> **Supplied entries**

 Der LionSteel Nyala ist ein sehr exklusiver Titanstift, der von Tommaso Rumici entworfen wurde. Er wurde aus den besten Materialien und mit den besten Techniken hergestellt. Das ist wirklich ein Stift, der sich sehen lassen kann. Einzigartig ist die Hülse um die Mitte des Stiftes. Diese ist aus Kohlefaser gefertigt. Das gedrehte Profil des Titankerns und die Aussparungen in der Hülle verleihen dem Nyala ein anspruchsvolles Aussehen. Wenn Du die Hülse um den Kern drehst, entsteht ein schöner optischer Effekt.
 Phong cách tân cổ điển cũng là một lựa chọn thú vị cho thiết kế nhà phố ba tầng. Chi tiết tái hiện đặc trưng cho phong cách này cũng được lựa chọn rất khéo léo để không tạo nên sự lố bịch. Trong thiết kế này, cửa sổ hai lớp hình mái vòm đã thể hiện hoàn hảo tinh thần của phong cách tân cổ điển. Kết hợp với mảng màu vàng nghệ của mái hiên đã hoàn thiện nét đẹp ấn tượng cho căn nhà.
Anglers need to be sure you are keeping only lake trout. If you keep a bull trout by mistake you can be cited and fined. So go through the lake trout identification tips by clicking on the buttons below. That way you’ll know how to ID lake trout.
--
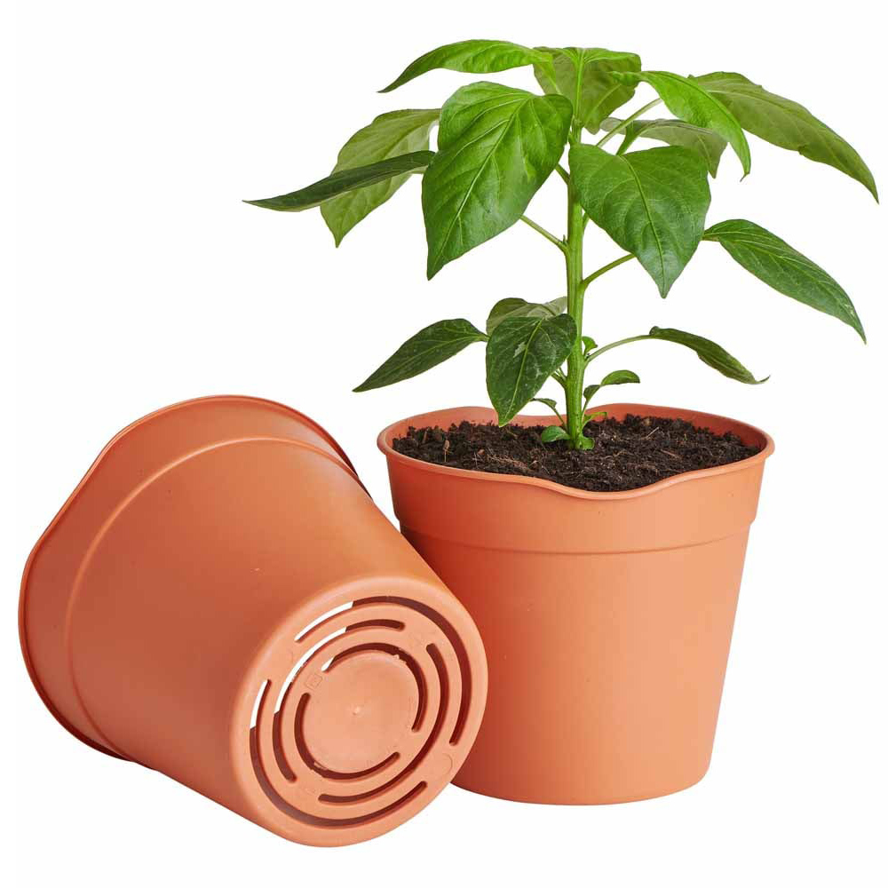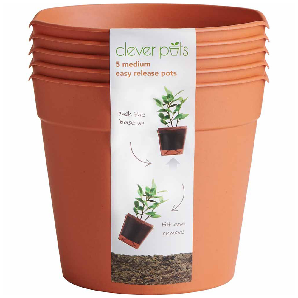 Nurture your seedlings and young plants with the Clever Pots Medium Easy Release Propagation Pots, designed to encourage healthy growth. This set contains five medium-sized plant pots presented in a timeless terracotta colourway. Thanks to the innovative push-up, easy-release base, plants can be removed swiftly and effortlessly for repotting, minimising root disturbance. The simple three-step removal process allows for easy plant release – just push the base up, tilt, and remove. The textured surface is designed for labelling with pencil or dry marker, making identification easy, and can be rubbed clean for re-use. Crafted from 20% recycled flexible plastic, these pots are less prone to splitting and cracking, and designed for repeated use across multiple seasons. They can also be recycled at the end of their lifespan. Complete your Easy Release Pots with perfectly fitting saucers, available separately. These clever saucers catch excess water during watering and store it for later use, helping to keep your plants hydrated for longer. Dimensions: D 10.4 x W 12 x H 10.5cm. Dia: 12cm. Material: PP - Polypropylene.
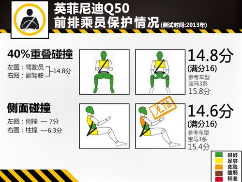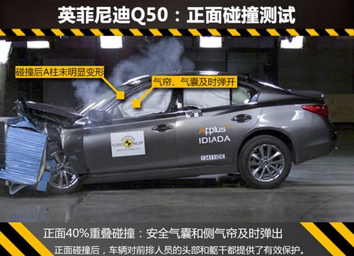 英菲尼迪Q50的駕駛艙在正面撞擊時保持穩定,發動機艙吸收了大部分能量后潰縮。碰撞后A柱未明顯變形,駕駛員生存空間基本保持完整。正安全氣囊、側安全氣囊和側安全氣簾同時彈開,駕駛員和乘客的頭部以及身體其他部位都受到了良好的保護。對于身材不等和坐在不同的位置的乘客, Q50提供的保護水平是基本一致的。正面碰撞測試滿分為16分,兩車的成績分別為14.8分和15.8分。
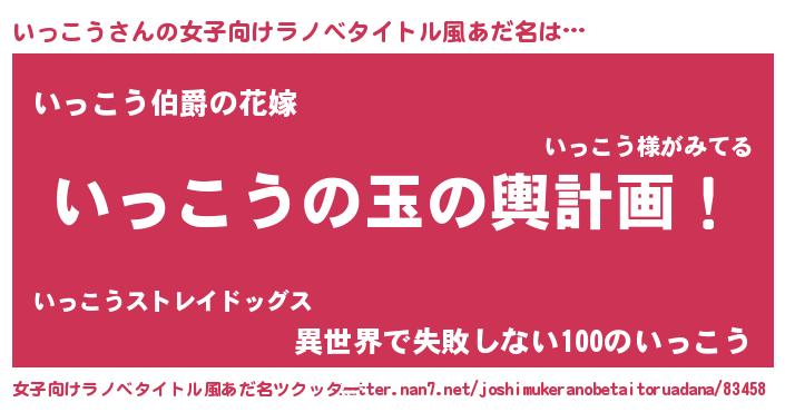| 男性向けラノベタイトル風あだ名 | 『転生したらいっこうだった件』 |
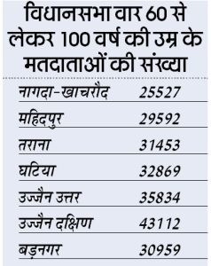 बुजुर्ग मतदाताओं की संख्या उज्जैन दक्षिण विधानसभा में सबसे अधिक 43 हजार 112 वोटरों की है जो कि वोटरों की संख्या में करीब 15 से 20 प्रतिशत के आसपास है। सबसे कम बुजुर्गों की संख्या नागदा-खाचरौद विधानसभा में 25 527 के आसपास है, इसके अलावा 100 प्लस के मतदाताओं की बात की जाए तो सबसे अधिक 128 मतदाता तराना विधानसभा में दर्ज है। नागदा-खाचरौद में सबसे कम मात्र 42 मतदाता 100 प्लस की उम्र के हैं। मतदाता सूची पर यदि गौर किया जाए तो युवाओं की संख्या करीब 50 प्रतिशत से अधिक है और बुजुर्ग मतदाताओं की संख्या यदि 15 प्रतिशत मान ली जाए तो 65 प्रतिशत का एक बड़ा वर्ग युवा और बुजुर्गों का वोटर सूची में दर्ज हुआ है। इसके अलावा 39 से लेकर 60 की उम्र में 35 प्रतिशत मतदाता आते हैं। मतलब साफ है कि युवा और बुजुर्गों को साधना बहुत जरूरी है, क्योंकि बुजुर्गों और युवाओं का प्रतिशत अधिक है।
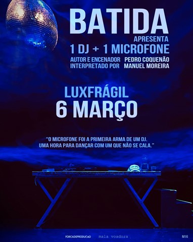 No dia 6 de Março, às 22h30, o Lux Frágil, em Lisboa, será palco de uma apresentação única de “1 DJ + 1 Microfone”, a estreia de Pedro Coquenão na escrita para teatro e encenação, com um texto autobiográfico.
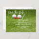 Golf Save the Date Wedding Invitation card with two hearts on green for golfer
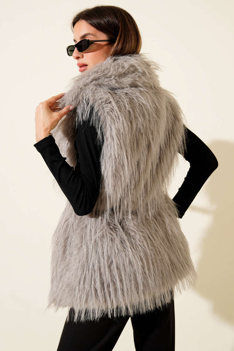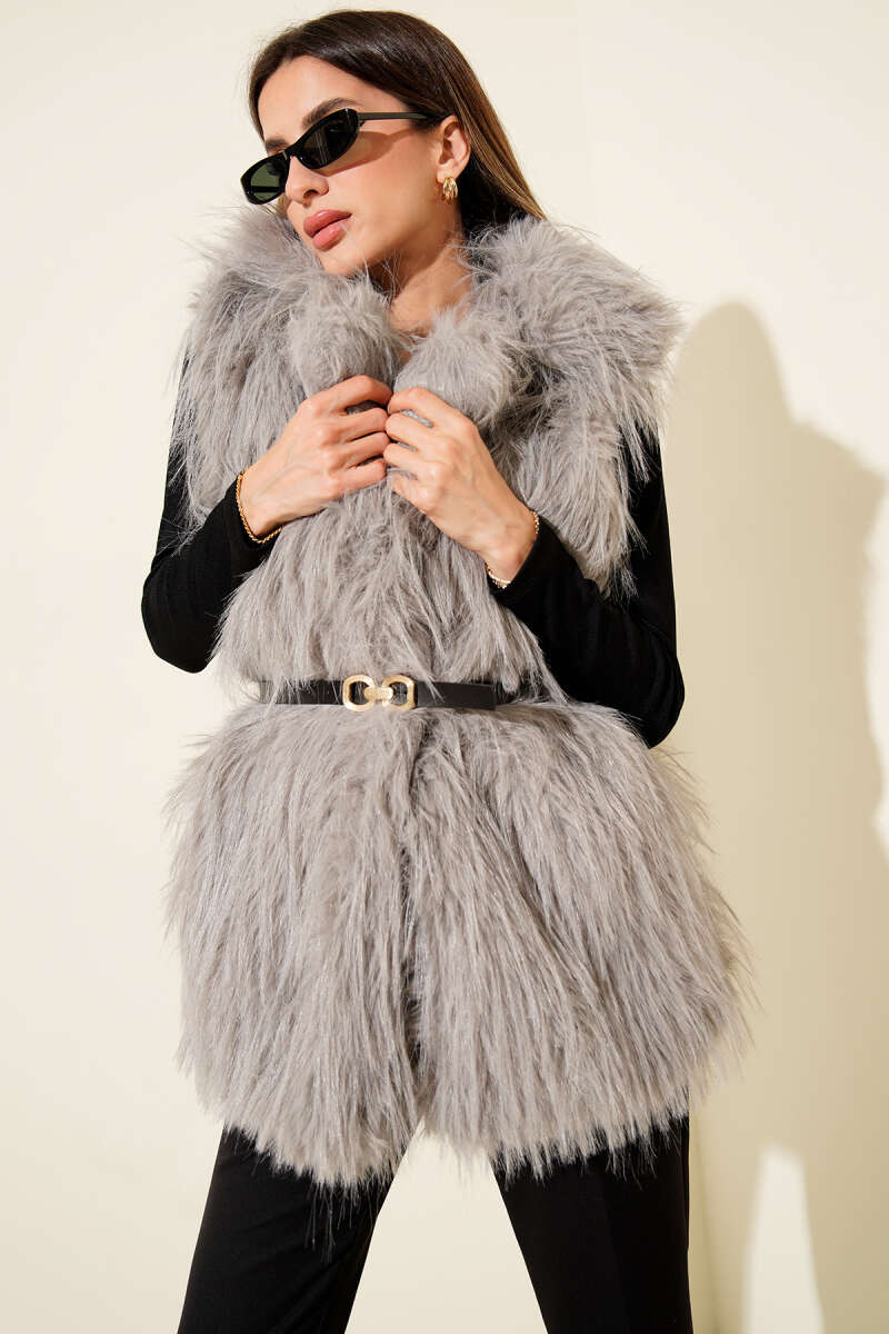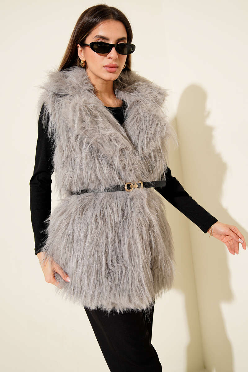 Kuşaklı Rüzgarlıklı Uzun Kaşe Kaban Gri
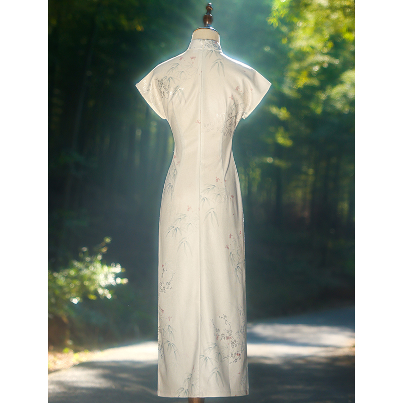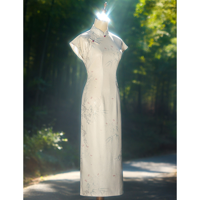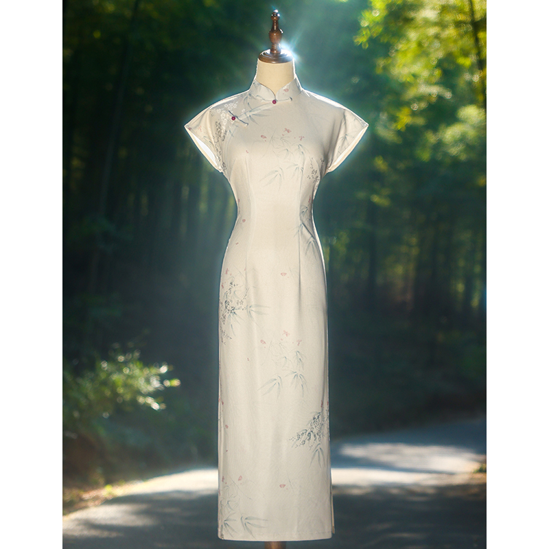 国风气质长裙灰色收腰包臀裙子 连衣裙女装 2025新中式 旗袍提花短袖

> **Aim of the exercise**
For the data above, set down exactly the lines from the line with "Golf Save the" to the line with "国风气质长裙灰色收腰包臀裙子 连衣裙女装 2025新中式 旗袍提花短袖", both included, leaving pictures out.

> **Solution to this exercise**
 Golf Save the Date Wedding Invitation card with two hearts on green for golfer
 Kuşaklı Rüzgarlıklı Uzun Kaşe Kaban Gri
 国风气质长裙灰色收腰包臀裙子 连衣裙女装 2025新中式 旗袍提花短袖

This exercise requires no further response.